In 867, while Formosus was serving as legate to the Bulgarian court, Boris I requested that he be named archbishop of Bulgaria. Since the canons forbade a bishop to change sees, the request was denied. As early as 872 he was a candidate for the papacy; Johann Peter Kirsch suggests that the pope may have viewed the cardinal as a potential rival. In 883, John VIII's successor, Marinus I, restored Formosus to his suburbicarian diocese of Portus. Following the reigns of Marinus, Adrian III (884–885) and Stephen V (885–891), Formosus was unanimously elected pope on 6 October 891.

Papacy

Shortly after his election, Formosus was asked to intervene in the Patriarchate of Constantinople, where Photius I had been ejected and Stephen I, the son of Emperor Basil I, had taken the office. Formosus refused to reinstate those who had been ordained by Photius, as his predecessor, Stephen V, had nullified all of Photius' ordinations. However, the Eastern bishops determined to recognize Photius' ordinations nonetheless. Formosus also immediately immersed himself in the dispute between Odo of Paris and Charles the Simple for the French throne. Siding with Charles, Formosus zealously exhorted Odo to cede the throne to Charles, to no avail.

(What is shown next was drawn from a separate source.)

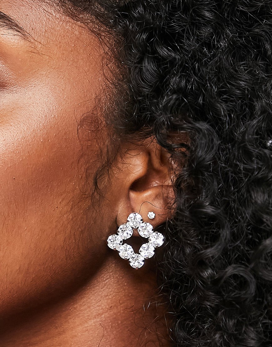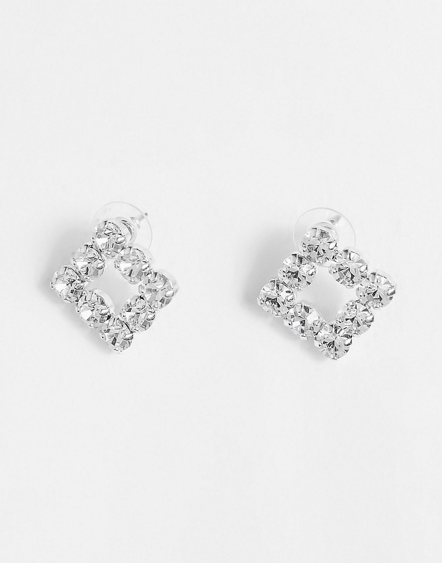 Kwadratowe kolczyki z kryształkami w kolorze srebra

Formosus was deeply distrustful of Guy III of Spoleto, the reigning emperor, and began looking for support against him. To bolster his position, Guy forced Formosus to crown his son Lambert as co-emperor in April 892. The following year, however, Formosus persuaded Arnulf of Carinthia to advance to Rome and liberate Italy from Guy's control. In 894, Arnulf's army occupied all the country north of the Po River. Guy died in December, leaving his son Lambert in the care of his mother, Agiltrude, an opponent of the Carolingians. In autumn 895 Arnulf undertook his second Italian campaign, progressing to Rome by February and seizing the city from Agiltrude by force on February 21. The following day, Formosus crowned Arnulf as emperor in St. Peter's Basilica. The new emperor moved against Spoleto but was struck with paralysis on the way and was unable to continue the campaign.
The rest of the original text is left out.